I promise I will post tomorrow!

But the real thing I wanted to say was:
Have any of you ever experienced your puppy squeaking every once in a while when he/she is sleeping? It is hard to explain, and it is not even really a squeak, but every once in a while, my new pup will give a little grunt, inside her throat, at the onset of every exhale. Now I have only seen her do this twice, and I don't think it is any sort of health issue (my breeder is very knowledgable and honest, and she doesn't even let anyone handle the pups until the day they go home for fear of contagion), maybe she is just cooing? She grunts every once in a while when she is awake, too in order to get my attention when she sees me near her playpen.
She is going to the vets tomorrow anyway for a checkup, I was just wondering if I was being paranoid. :lol:


----------



## TuckersMom (Jun 29, 2004)

Chis are very vocal and make noises that I've never heard of other breeds making.

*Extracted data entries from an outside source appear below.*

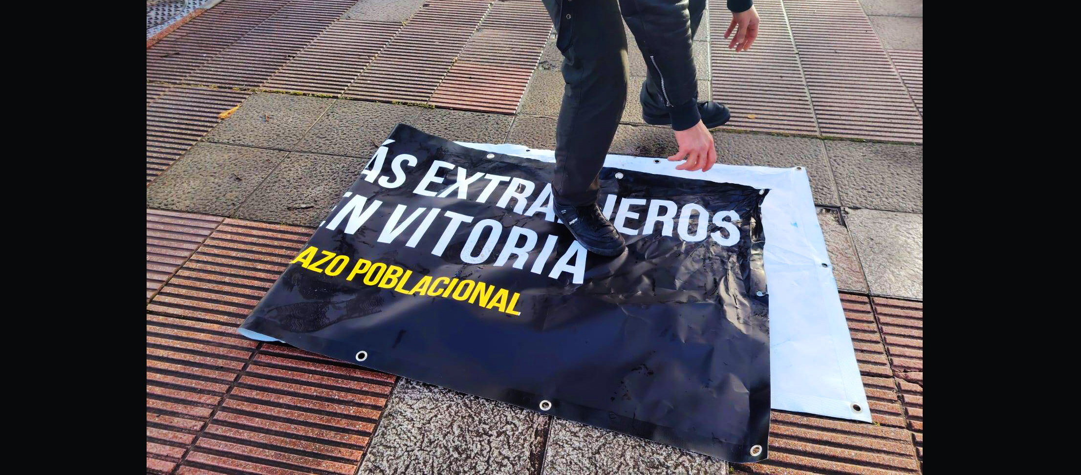Ayer informábamos que habían aparecido pancartas con mensajes racistas y fascistas en Vitoria-Gasteiz. Fueron obra de Vox. Sin embargo, duraron desplegadas más que unos minutos. Sucedió que militantes de Gazte Koordinadora Sozialista (GKS) de Gasteiz las retiraron.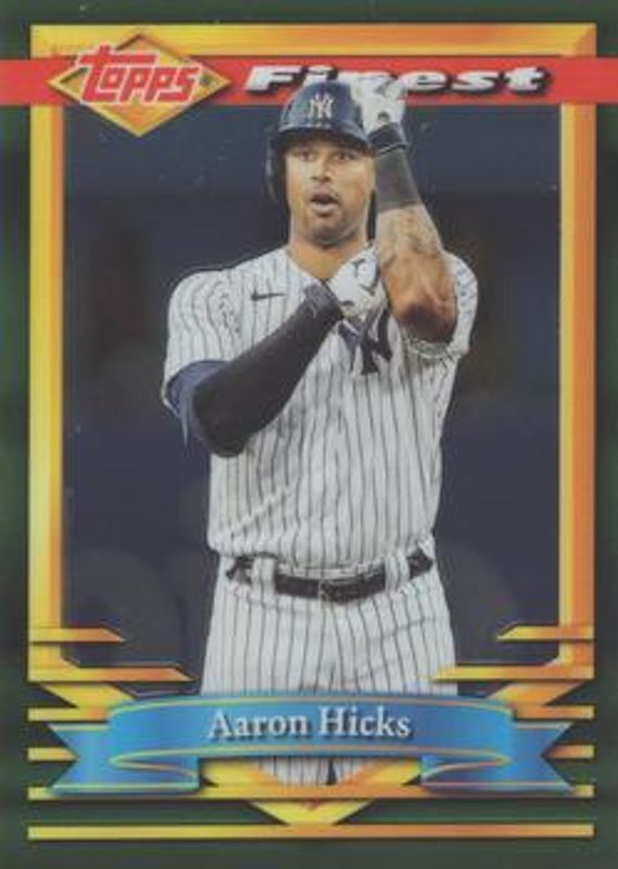 The Aaron Hicks 2021 Topps Finest Flashbacks #187 Base card is 1 of 7 Aaron Hicks' card variations in the 2021 Topps Finest Flashbacks set being tracked by Sports Card Investor, including Refractor, Gold Refractor /50, Prism Refractor /35, Black Refractor /25, and Red Refractor /5.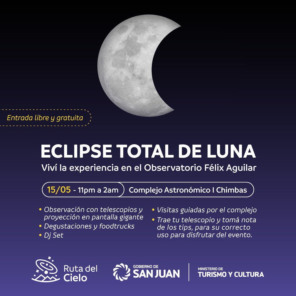 Este 15 de mayo, en el cielo sanjuanino se podrá observar el eclipse lunar total, un fenómeno que no se repetirá hasta marzo del 2025. En este contexto, el Observatorio Félix Aguilar abrirá sus puertas al público para vivir una noche imperdible.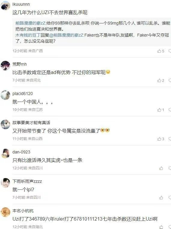 當然了,這裏大家只是說光擊殺這個數據而已,如果論冠軍數量的話,那uzi肯定是被碾壓的,這個毋庸置疑,也希望大家清楚這一點,不要因爲這種排名就開始攻擊他們,這是很沒有必要的事情,理性一點。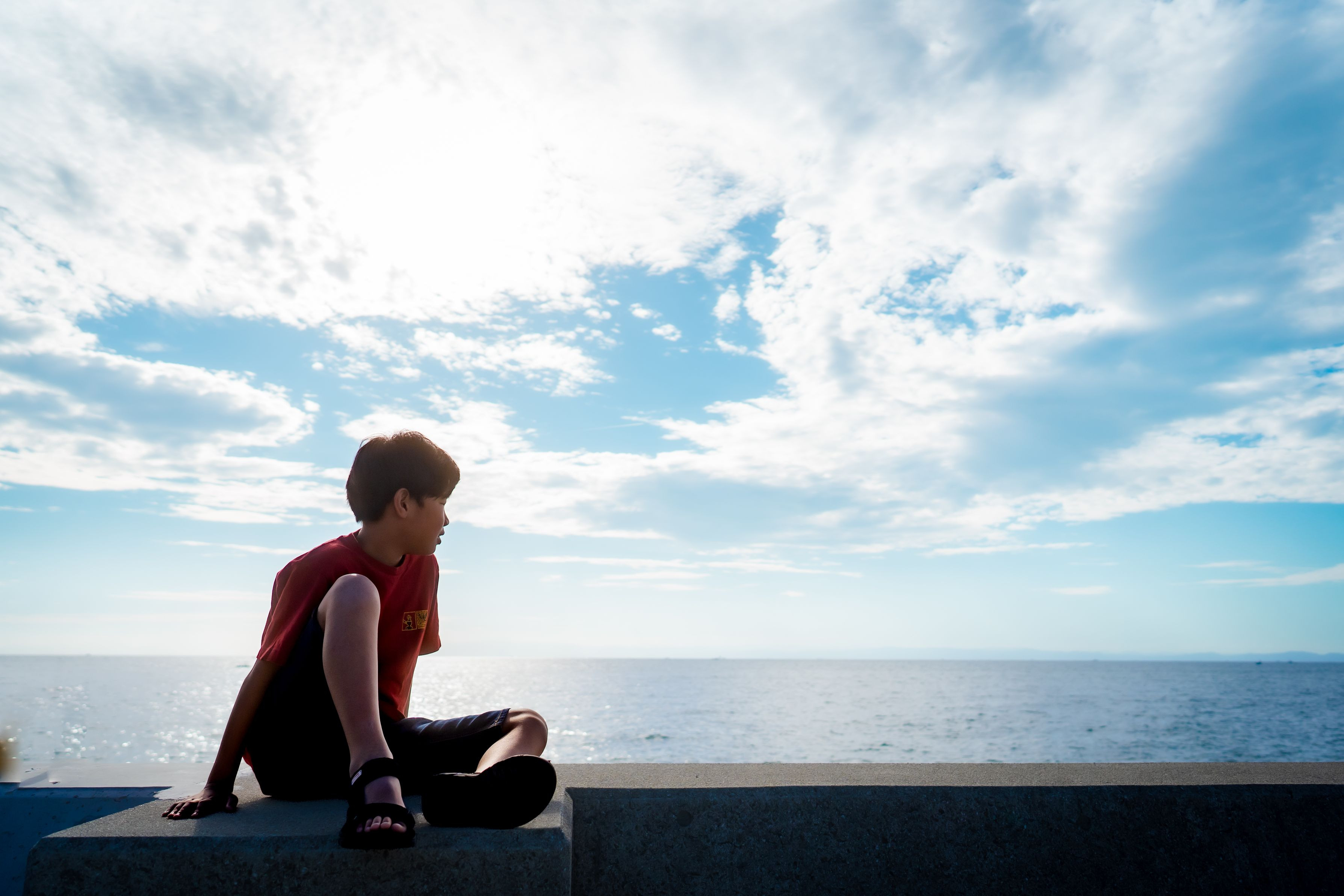 朝、海沿いを散歩中に勢いで胸壁に登り降りられなくなってる所を撮りました 撮るより助けて欲しいそうです

I would say that this is most likely perfectly normal, but since you are going to the vet tomorrow, be sure to ask about it to ease your mind. Congrats on your new furbaby!


----------



## SophiesMom (Oct 14, 2005)

Mine does that too, but usually when I move her and she is sleepy. Sometimes she falls asleep in my lap, and I have to move her because my foot falls asleep, and when I do, she makes this unusual noise, like a human baby would when it's sleeping. (She's sleeping in my lap right now, and just did it again!) My vet told me that it was nothing, and she was perfectly fine, but it is always good to check anyway. Good luck and congratulations on your baby!


----------



## *Nicole* (Aug 9, 2005)

Mr Filmore does that when he sleeping... we just call it a "nightmare" and bump him and he quits.


----------



## Cooper (Jun 15, 2005)

I just softly lay my hand on Cooper and rub him a bit and he stops... he does that all the time.


----------



## reedgrl1 (Oct 3, 2005)

My Max makes all kinds of funny sounds ... he was a rescue/foster dog and when he first came to our home he sounded like a prehistoric animal!
He does make odd noises in his sleep but I'ved also discovered through his new vet that he has a collapsed trachea. There is a whole thread here on that issue but for now we're fine. 
Enjoy your new little one!!!! :wave: 
:wave:


----------



## Alli (Jul 21, 2005)

Congratulations on your new little girl, Hallie is it? You must be thrilled...can't wait to see some pictures!!


----------



## NaliaLee (Jul 16, 2005)

I just thought Pedro was dreaming when he did that.


----------



## LadybugLuv (Sep 21, 2005)

Ladybug does this too. She also grunts, snorts or squeaks when she is trying to get my attention. It's so funny sometimes! She's such a little character


----------



## TareG (Aug 13, 2005)

hehe...well thanks for the reassurance. And the vet did in fact tell me her lungs and heart are FINE, lol, so it is just her being a little vocal cutie! I am in the process of posting some pics finally.


----------